Guinéens expulsés de Mauritanie : quand Conakry feint de s’indigner après avoir abandonné les siens
Rafles nocturnes, humiliations, détentions arbitraires, expulsions massives de Guinéens de la Mauritanie. Les images et témoignages en provenance de Nouakchott sont d’une violence inqualifiable. Des familles entières traquées, entassées dans des bus, jetées aux frontières comme des marchandises périmées. Face à cette ignominie, Conakry “demande des comptes”. Oh, quelle fermeté soudaine ! Quelle indignation bien calculée !
Mais soyons sérieux deux secondes : qu’a fait réellement le régime guinéen pour ses ressortissants ? Rien, ou si peu. Car pendant que la Mauritanie expulse, la Guinée, elle, expulse symboliquement ses propres citoyens depuis des années, en leur niant toute dignité, toute protection, toute politique migratoire digne de ce nom.
Une rafle de plus, une humiliation de trop
Les faits sont clairs : plusieurs centaines de Guinéens ont été arrêtés, certains battus, d’autres extorqués, puis expulsés en masse. Aucun respect des droits humains, aucune procédure, juste une chasse à l’homme orchestrée avec le silence complice de bien des autorités. Et comme toujours, ce sont les plus pauvres, les sans-papiers, les jeunes débrouillards, les femmes vendeuses, les petits ouvriers qui en paient le prix fort.
Ces hommes et femmes n’avaient qu’un seul tort : être nés du mauvais côté de la frontière. Ils sont partis faute de perspectives, poussés par une misère entretenue, parfois même aggravée, par les politiques de leur propre pays.
Conakry, capitale de l’indifférence migratoire
Et que fait Conakry pendant ce temps ? Un communiqué. Un coup de téléphone. Une “demande d’explication”. Pathétique. Il n’y a ni cellule d’urgence, ni aide au retour, ni soutien juridique, encore moins une déclaration présidentielle digne de ce nom.
La Guinée est aujourd’hui le pays d’Afrique de l’Ouest qui traite ses migrants avec le plus d’indifférence. Pas d’ambassade efficace. Pas de services consulaires fonctionnels. Pas de stratégie claire. Juste un abandon organisé.
Le message est clair : partez si vous voulez, crevez si vous devez, mais surtout ne comptez pas sur nous pour défendre votre dignité.
Une diaspora exploitée mais jamais défendue
Ce qui rend cette situation encore plus abjecte, c’est l’hypocrisie constante du pouvoir guinéen vis-à-vis de sa diaspora.
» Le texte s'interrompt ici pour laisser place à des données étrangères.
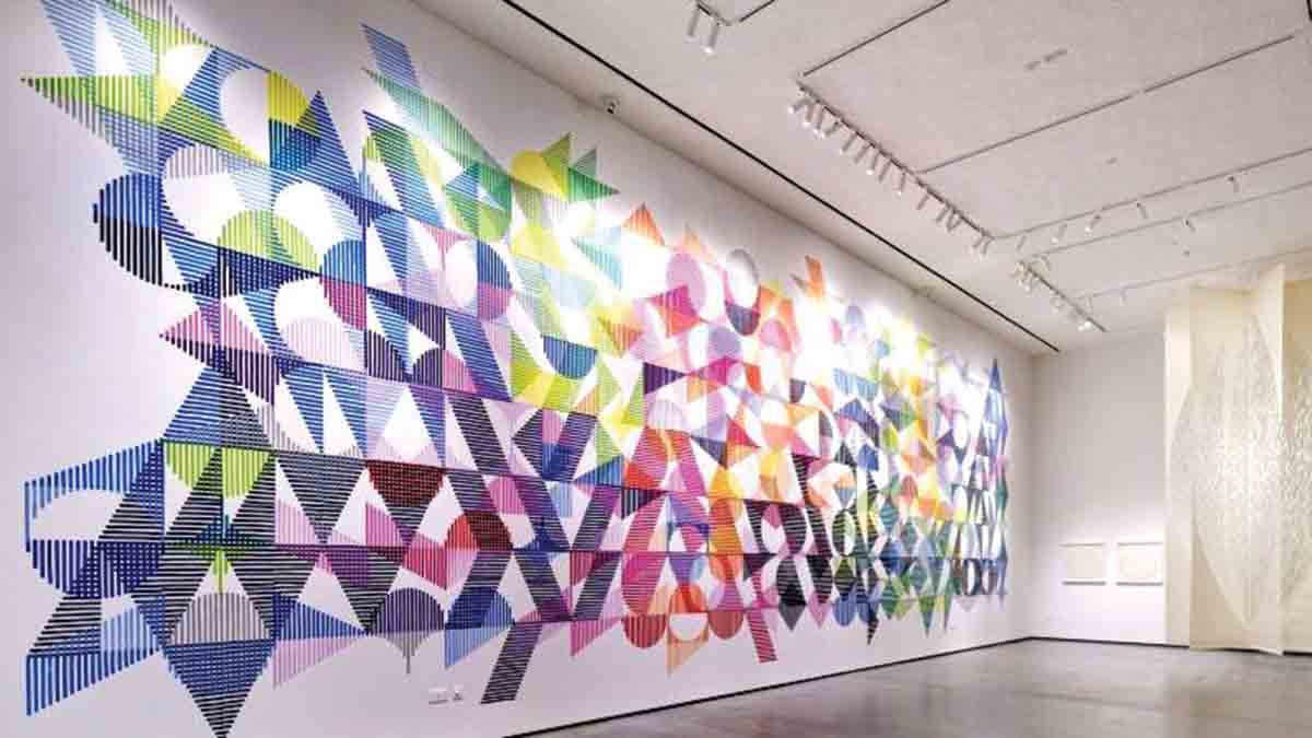 His present exhibition at the Butler Gallery includes a gigantic mural, titled Parallels, that covers an entire wall…a visually stunning collage of interacting colour and lines that have an almost living vibrancy.

Quand il s’agit d’encaisser les millions envoyés par les migrants, on déroule le tapis rouge. Quand il faut les instrumentaliser lors des élections, on multiplie les discours et les promesses creuses. Mais dès qu’ils sont en danger, on les oublie.
Combien de Guinéens vivent dans la peur permanente d’être arrêtés en Mauritanie, au Maroc, en Algérie, en Tunisie, en Libye ? Combien ont été assassinés, battus, torturés dans l’anonymat le plus total ? Et combien de fois le gouvernement guinéen a-t-il élevé la voix avec clarté et fermeté ? Jamais.
La responsabilité de la junte : fuir un pays devenu invivable
Ce régime militaire, prompt à parler de “souveraineté”, à militariser le bitume et à suspendre les partis politiques, devrait commencer par se demander pourquoi des milliers de jeunes prennent tous les risques pour fuir. Car c’est bien cela, la vraie question : qu’a-t-on fait du pays pour que ses enfants préfèrent l’exil précaire à la survie chez eux ?
La réponse est là : pauvreté, chômage, insécurité sociale, absence de perspectives, et maintenant, dictature masquée sous uniforme. Alors ils partent. Par désespoir. Et à leur retour forcé, on les accueille avec des slogans.
Demander des comptes ? Commencez par vous en rendre.
La Guinée “demande des comptes” à la Mauritanie ? Très bien. Mais les Guinéens demandent des comptes à la Guinée elle-même. Pourquoi aucun fonds d’urgence pour les expulsés ? Pourquoi aucun programme de réinsertion sérieux ? Pourquoi toujours attendre que le scandale éclate pour réagir ? Pourquoi avoir des ambassades si elles sont incapables de protéger ?
Demander des comptes à Nouakchott, c’est bien. Mais ce n’est pas en Mauritanie que les Guinéens ont perdu leur fierté. C’est d’abord en Guinée. Un pays où l’on gouverne sans vision, où l’on parade pendant que ses citoyens s’entassent dans des centres de rétention.
La prochaine fois que vous verrez un jeune guinéen s’embarquer pour un voyage sans retour, n’allez pas l’accuser d’avoir fui. Demandez plutôt qui l’a abandonné. Parce que si la Mauritanie expulse… c’est la Guinée qui pousse à l’exil.